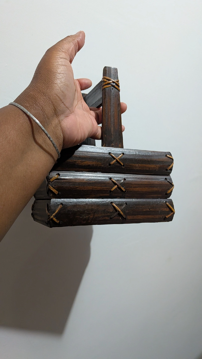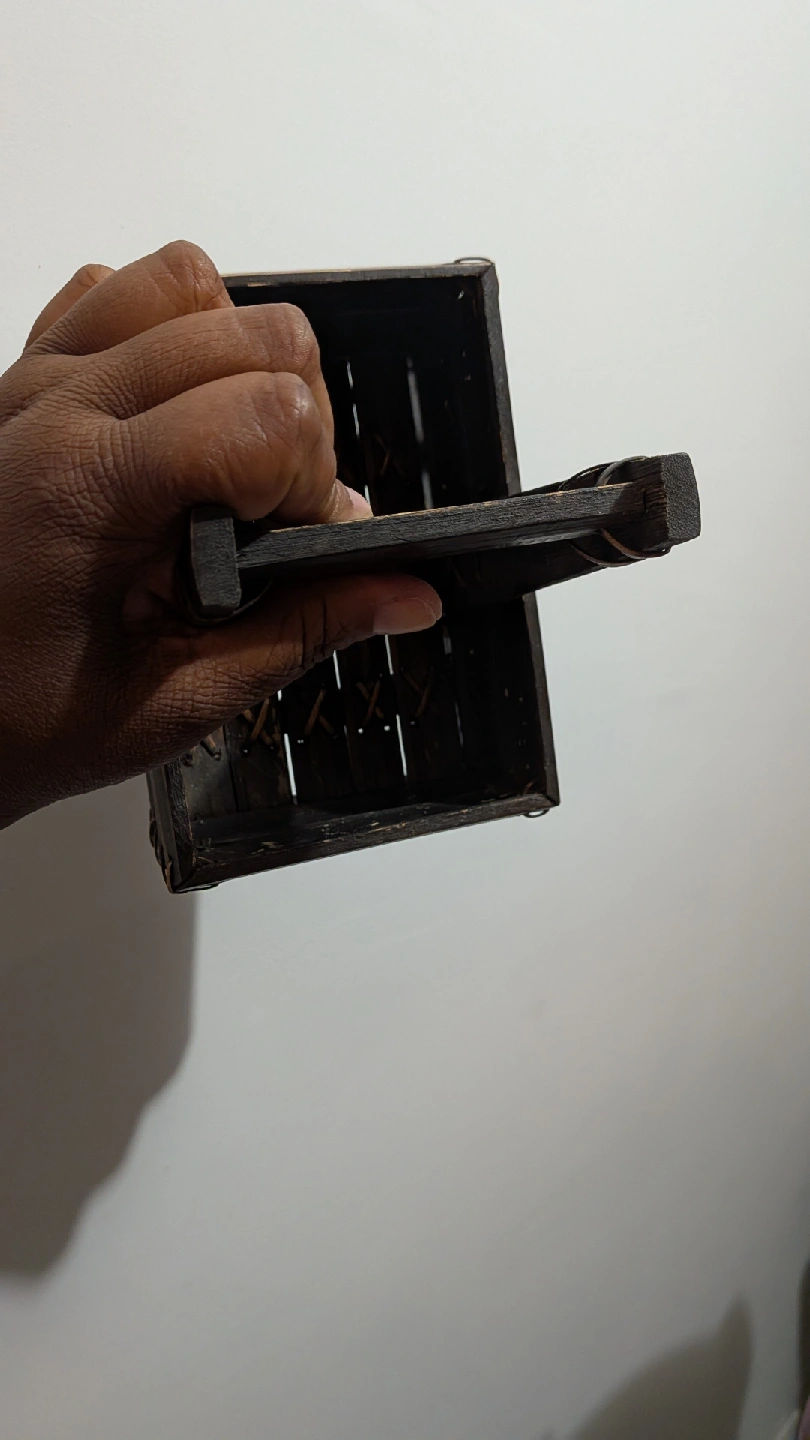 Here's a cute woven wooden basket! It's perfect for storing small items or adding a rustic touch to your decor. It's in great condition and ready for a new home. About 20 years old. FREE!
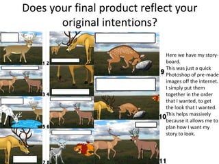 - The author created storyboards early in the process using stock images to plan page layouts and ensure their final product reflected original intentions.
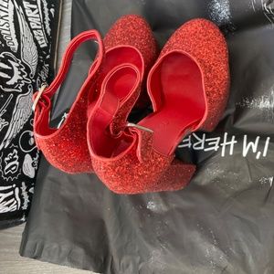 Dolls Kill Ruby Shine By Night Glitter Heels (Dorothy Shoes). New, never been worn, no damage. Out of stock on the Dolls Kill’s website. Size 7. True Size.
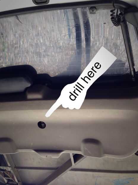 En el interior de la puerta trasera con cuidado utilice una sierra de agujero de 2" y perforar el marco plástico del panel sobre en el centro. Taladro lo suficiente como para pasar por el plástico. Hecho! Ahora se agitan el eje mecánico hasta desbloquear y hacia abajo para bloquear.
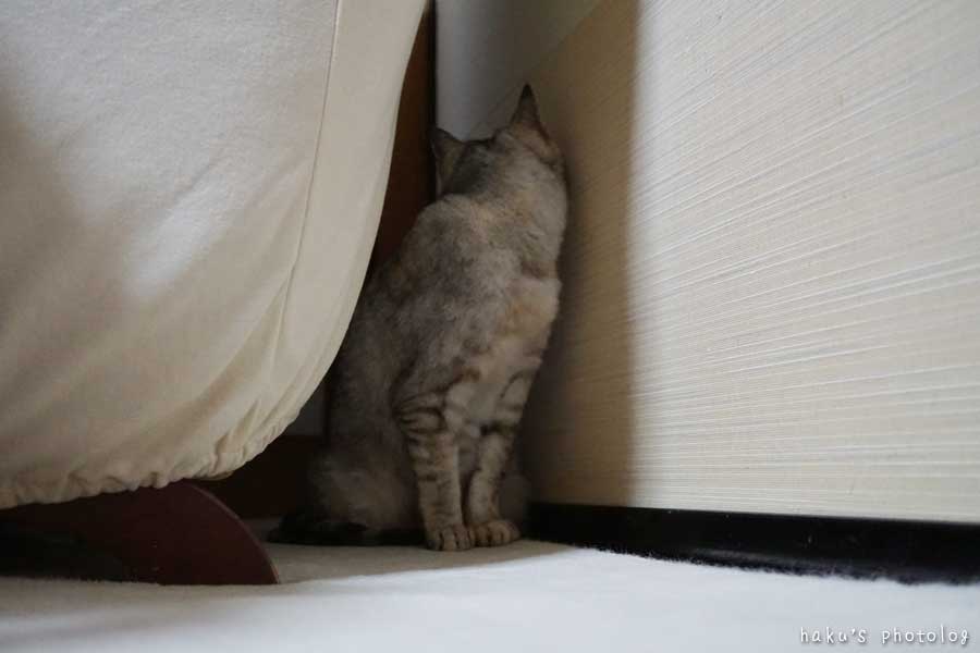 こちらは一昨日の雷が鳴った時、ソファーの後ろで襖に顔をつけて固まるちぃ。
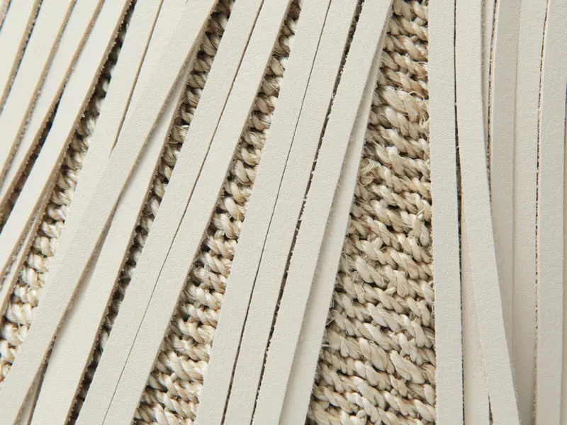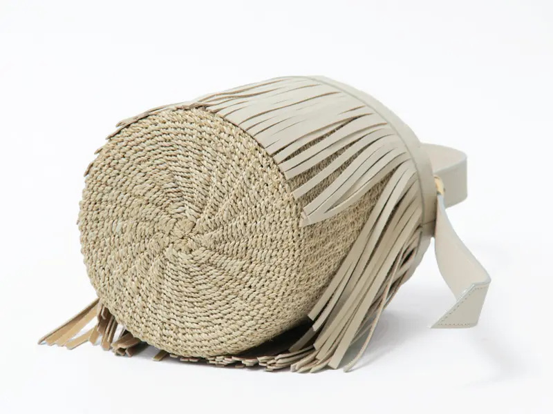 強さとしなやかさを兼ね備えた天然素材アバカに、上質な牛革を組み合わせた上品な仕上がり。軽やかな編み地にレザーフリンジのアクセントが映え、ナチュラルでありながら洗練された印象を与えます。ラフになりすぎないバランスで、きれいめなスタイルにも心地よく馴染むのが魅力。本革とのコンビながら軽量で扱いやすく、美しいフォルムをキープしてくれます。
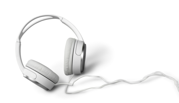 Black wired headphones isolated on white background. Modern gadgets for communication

...

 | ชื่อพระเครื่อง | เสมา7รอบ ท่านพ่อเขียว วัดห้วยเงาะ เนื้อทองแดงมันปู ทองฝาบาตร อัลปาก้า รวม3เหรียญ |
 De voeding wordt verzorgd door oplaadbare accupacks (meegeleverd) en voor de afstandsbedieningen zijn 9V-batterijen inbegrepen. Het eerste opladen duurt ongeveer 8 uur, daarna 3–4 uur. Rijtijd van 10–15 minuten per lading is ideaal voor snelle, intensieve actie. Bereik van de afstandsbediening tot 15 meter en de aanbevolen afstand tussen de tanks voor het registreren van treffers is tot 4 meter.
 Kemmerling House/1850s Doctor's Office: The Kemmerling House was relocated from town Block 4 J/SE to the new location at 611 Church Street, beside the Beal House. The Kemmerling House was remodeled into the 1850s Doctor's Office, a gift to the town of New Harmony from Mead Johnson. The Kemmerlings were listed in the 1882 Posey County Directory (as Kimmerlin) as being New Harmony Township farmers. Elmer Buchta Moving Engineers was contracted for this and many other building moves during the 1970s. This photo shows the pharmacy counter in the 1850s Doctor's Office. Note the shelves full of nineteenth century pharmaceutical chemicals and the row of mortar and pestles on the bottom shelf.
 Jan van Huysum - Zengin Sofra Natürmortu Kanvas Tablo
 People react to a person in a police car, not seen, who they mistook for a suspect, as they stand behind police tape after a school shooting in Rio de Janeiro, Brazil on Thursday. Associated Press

==

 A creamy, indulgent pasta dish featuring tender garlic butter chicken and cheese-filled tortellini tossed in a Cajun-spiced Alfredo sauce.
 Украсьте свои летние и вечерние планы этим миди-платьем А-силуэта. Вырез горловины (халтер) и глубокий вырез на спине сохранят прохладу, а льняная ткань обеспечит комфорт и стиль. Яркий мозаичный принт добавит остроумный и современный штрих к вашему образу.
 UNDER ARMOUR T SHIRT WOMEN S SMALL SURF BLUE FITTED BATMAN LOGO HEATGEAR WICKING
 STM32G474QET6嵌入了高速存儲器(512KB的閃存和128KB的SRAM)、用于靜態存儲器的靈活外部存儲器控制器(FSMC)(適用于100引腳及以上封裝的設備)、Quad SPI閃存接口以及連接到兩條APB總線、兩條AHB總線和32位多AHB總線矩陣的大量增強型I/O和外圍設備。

• _Work instruction_
In the listing above, find the line containing "Dolls Kill Ruby". Output it and every line after it up to and including the line containing "En el interior", exactly, but skip the pictures.

• _Completed task_
 Dolls Kill Ruby Shine By Night Glitter Heels (Dorothy Shoes). New, never been worn, no damage. Out of stock on the Dolls Kill’s website. Size 7. True Size.
 En el interior de la puerta trasera con cuidado utilice una sierra de agujero de 2" y perforar el marco plástico del panel sobre en el centro. Taladro lo suficiente como para pasar por el plástico. Hecho! Ahora se agitan el eje mecánico hasta desbloquear y hacia abajo para bloquear.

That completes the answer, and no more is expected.